What is needed = Where the line containing "Dwukomorowy plecak szkolny" appears, begin retyping; continue exactly through the final line of the data. Omit every picture.

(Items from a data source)
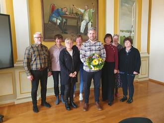 Vlnr: Yves Gänser (Ltr. Bauhof), Christiane Strobl (Bauamtsleiterin), Anja Vonthien (Ordnungsamtsleiterin), Katrin Stegemann (Personalrat), Christopher Göde, Grit Lüders (Hauptamtsleiterin), Heike Waltenburg (Gleichstellungsbeauftragte), Berit Neumann (1. Stadträtin, Kämmereileiterin)
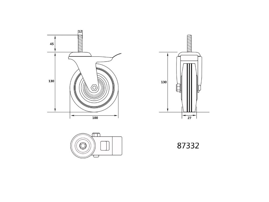 Kerék átmérője 100 mm, forgatható, menetes tűre szerelhető, csapágyazott, fékkel, fekete gumiabroncs, magasság 130 mm.
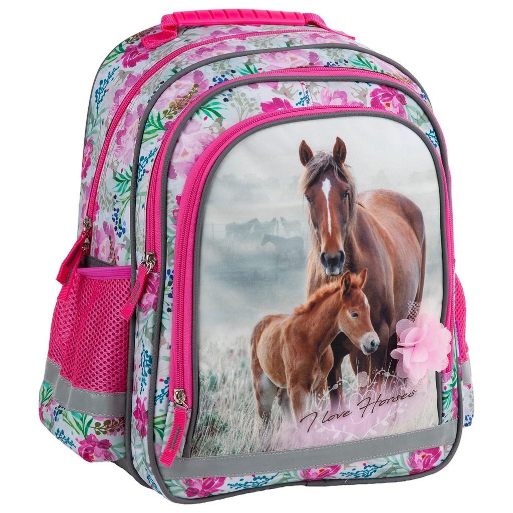 Dwukomorowy plecak szkolny z obszerną kieszenią przednią. Po bokach znajdują się dwie boczne kieszonki wykończone siatką. Plecak posiada miękkie wyściełane szelki, ergonomiczne plecy, taśmy odblaskowe, wzmacnianą rączkę oraz wzmacniane dno.
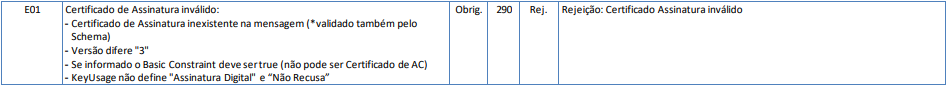 Essa rejeição ocorre quando o Certificado de Assinatura está inválido.
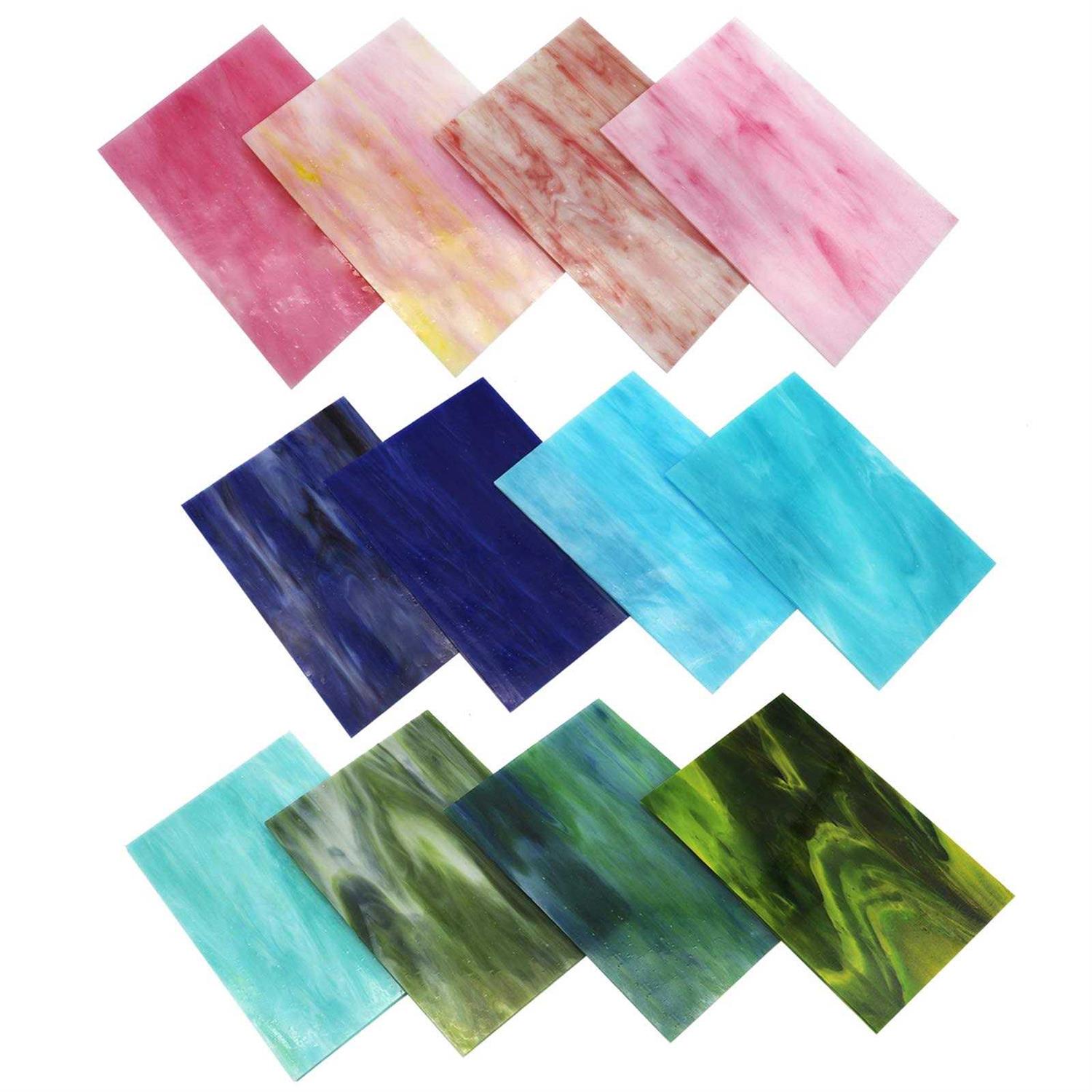 Glass Sheets by LITMIND. Details: Assorted and mixing colors with variety pack to make your creative ideas fly. By category, like Cathedral Glass, Streaky Glass, Victorian Mottle, Opal Granite, Aqualite, Wispy stained glass, etc. No more hesitation! Try it now! PRODUCT INFORMATION:-Total 12 classic stained glass sheets -Size: 6” x 4” each sheet (approx. 1/8” thickness)-Securely packed with foam padding all around, top/front/sides/back-Foam layer between all glass sheetsNOTES: The edges of the stained glass are sharp, so care must be used in cutting, handling and grouting.

Finished task =
 Dwukomorowy plecak szkolny z obszerną kieszenią przednią. Po bokach znajdują się dwie boczne kieszonki wykończone siatką. Plecak posiada miękkie wyściełane szelki, ergonomiczne plecy, taśmy odblaskowe, wzmacnianą rączkę oraz wzmacniane dno.
 Essa rejeição ocorre quando o Certificado de Assinatura está inválido.
 Glass Sheets by LITMIND. Details: Assorted and mixing colors with variety pack to make your creative ideas fly. By category, like Cathedral Glass, Streaky Glass, Victorian Mottle, Opal Granite, Aqualite, Wispy stained glass, etc. No more hesitation! Try it now! PRODUCT INFORMATION:-Total 12 classic stained glass sheets -Size: 6” x 4” each sheet (approx. 1/8” thickness)-Securely packed with foam padding all around, top/front/sides/back-Foam layer between all glass sheetsNOTES: The edges of the stained glass are sharp, so care must be used in cutting, handling and grouting.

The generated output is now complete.